Words from the achiever
“I reread Jane Eyre recently, by Charlotte Brontë. I always suspected that she was the biggest influence on me. It seems unlikely, but I always suspected that. I used to say that in interviews, and people would think I was just being smart and evasive. But I reread Jane Eyre recently, and also Villette, her other great novel. I just came across episode after episode where I thought “Oh my goodness, I just ripped that off from this book!” Perhaps you wouldn’t recognize it, but I did. Certain kinds of techniques, certain moments when you understand that the narrator is crying, not because she tells you, but because somebody watching her makes a remark. All these little things that I thought, “Oh, I used that in that book,” or “Oh, that trick.” I think Charlotte Brontë had an enormous influence on me, and I think it’s something to do with that use of first-person and the evasiveness, the indirectness, of her first-person narrative.
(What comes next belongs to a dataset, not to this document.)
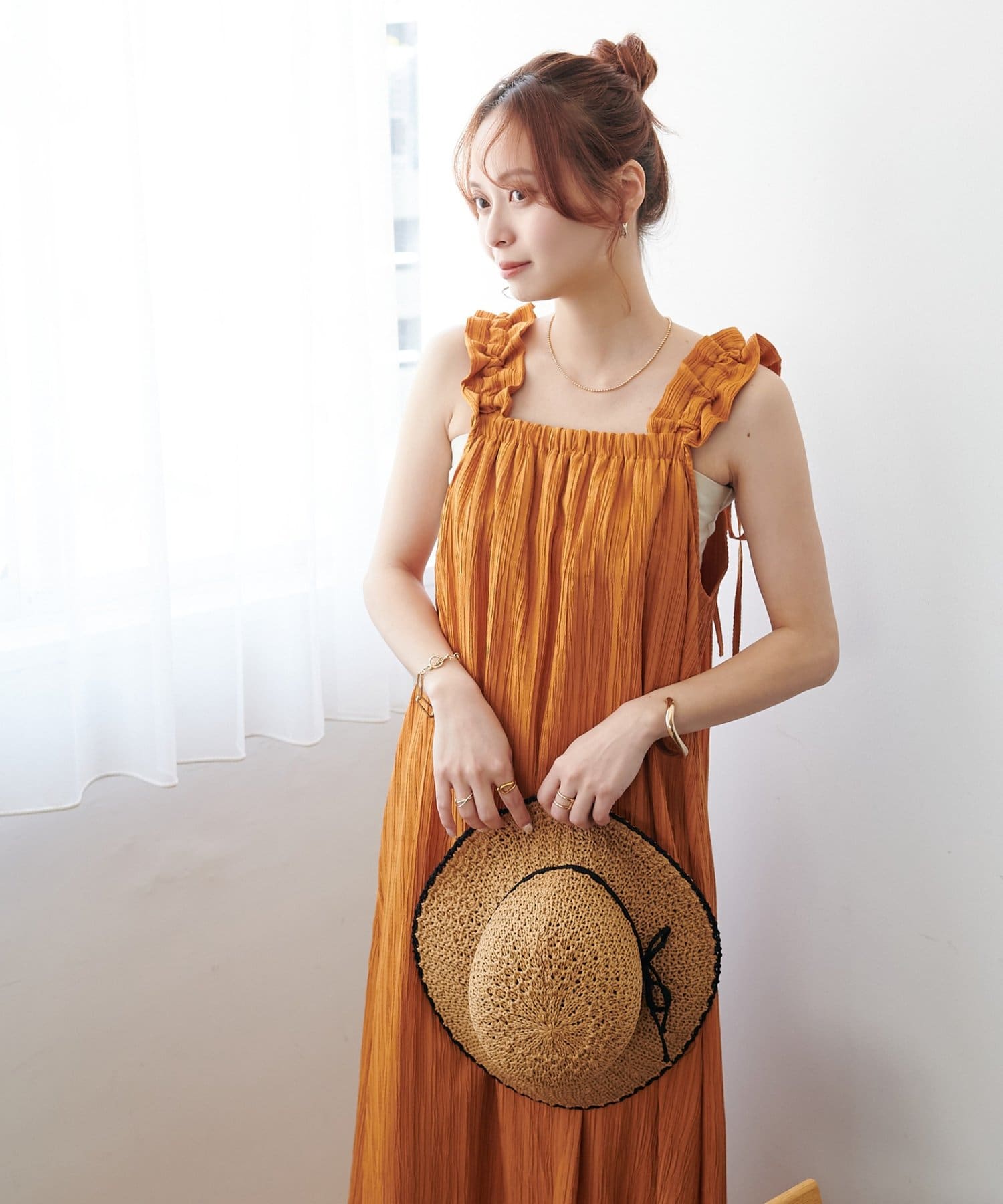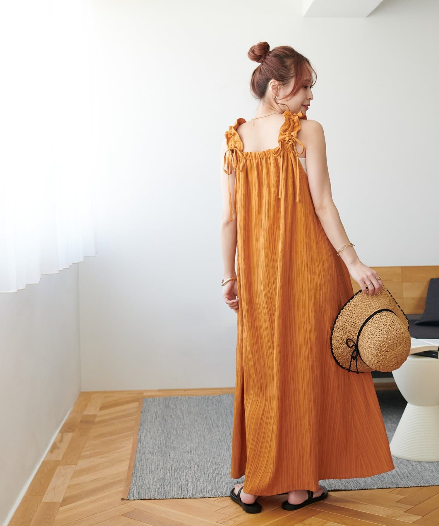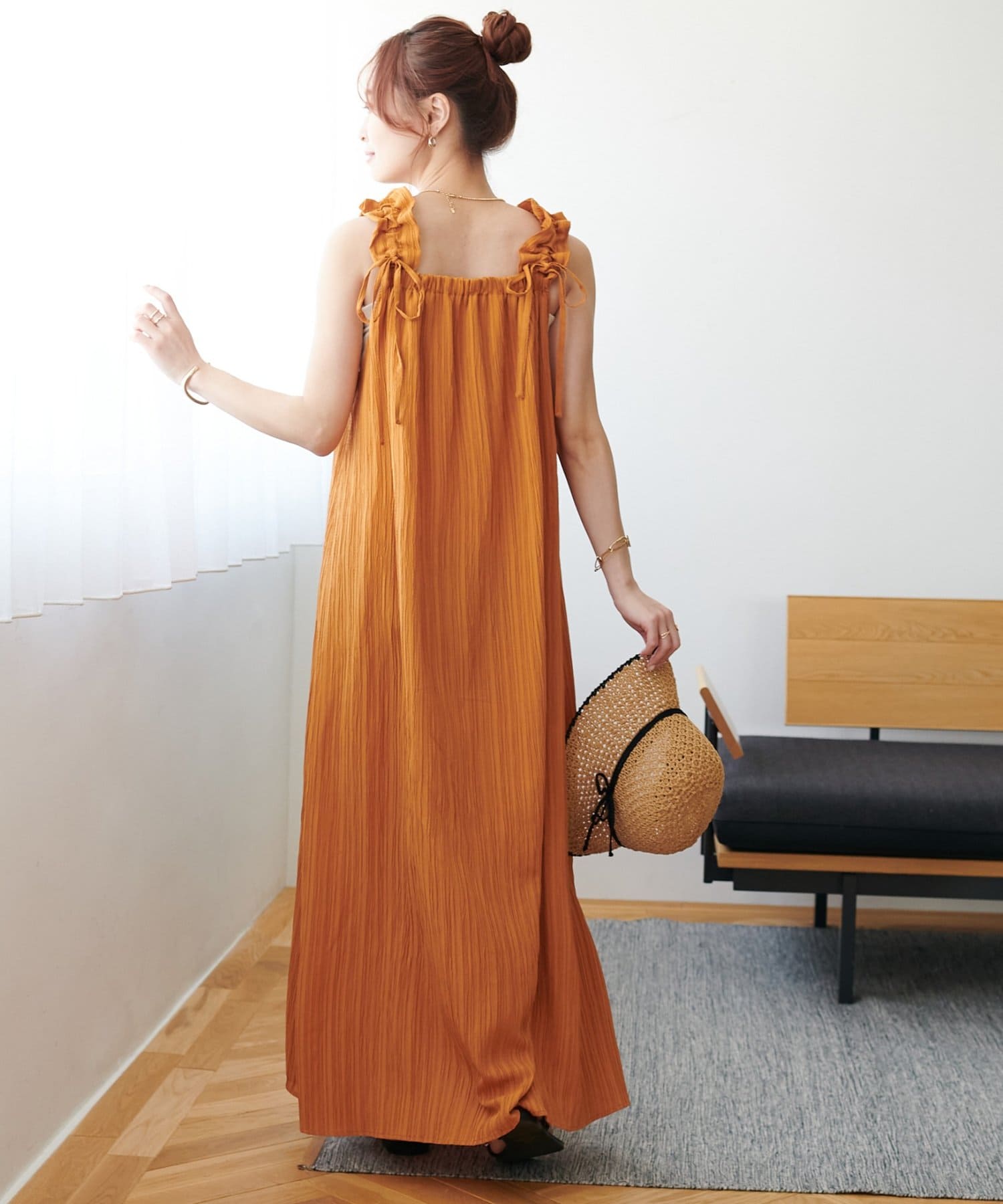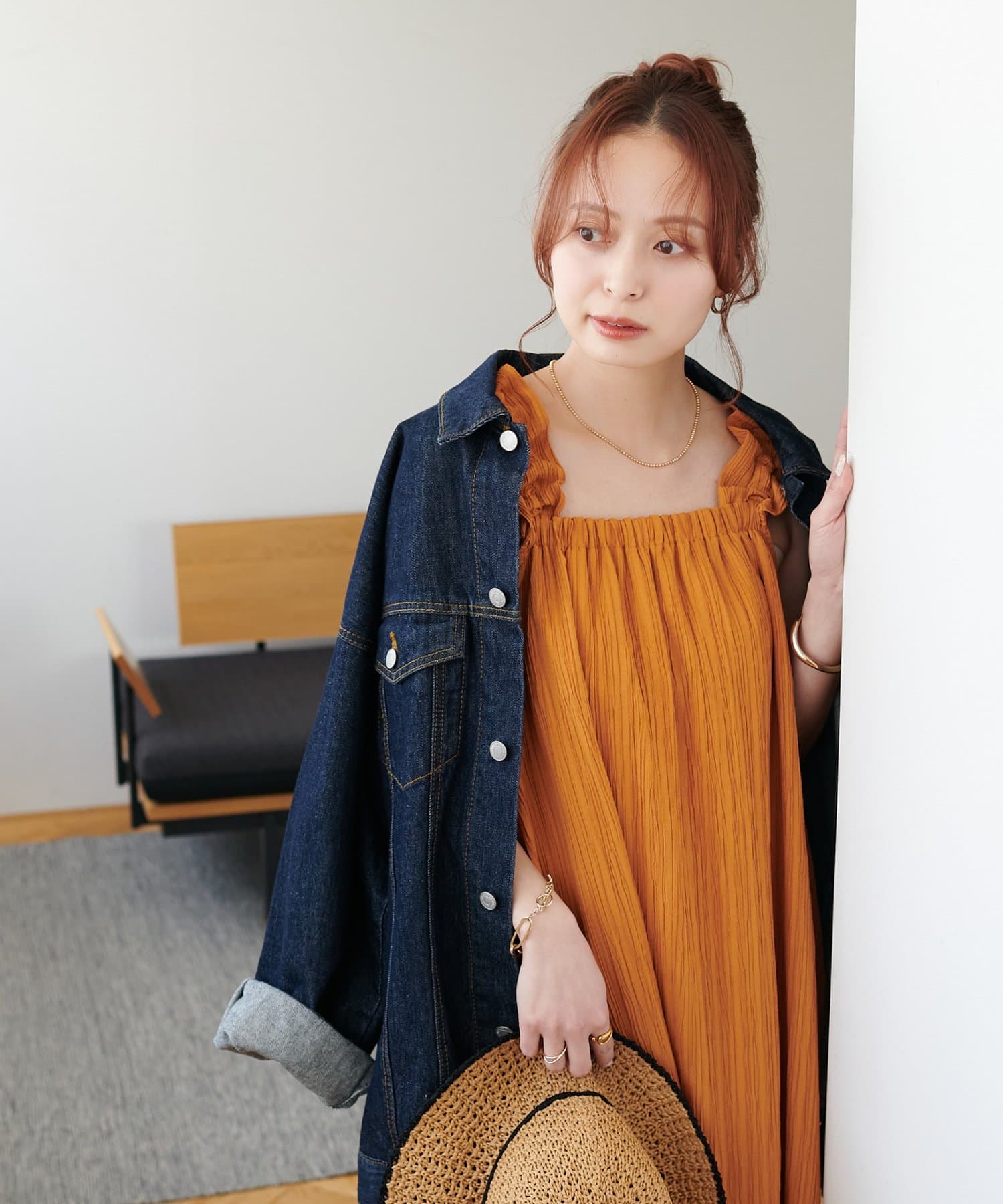 一枚着でももちろんかわいいですが、デニムパンツでカジュアルにも合わせられるので、様々なスタイリングが楽しめます◎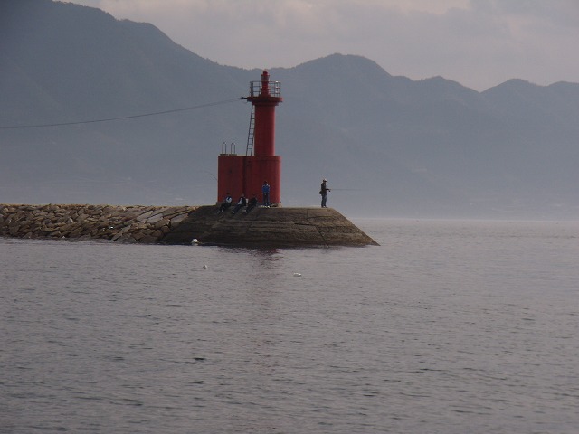 豊浜の赤灯台では早くもエギンガーがシャクってます

I mean this phrase, “the unreliable narrator,” has become very popular in creative writing. So it’s not quite that, but a very subtle use of the relationship between the writer and the book and the reader — something I tuned in on, I homed in on instantly, when I started to read Charlotte Brontë.”
About the book
Charlotte Brontë’s impassioned novel is the love story of Jane Eyre, a plain yet spirited governess, and her employer, the arrogant, brooding Mr. Rochester. Published in 1847 under the pseudonym Currer Bell, the book heralded a new kind of heroine—one whose virtuous integrity, keen intellect, and tireless perseverance broke through class barriers to win equal stature with the man she loved. Hailed by William Makepeace Thackeray as “the masterwork of a great genius,” Jane Eyre is still regarded, over a century later, as one of the finest novels in English literature.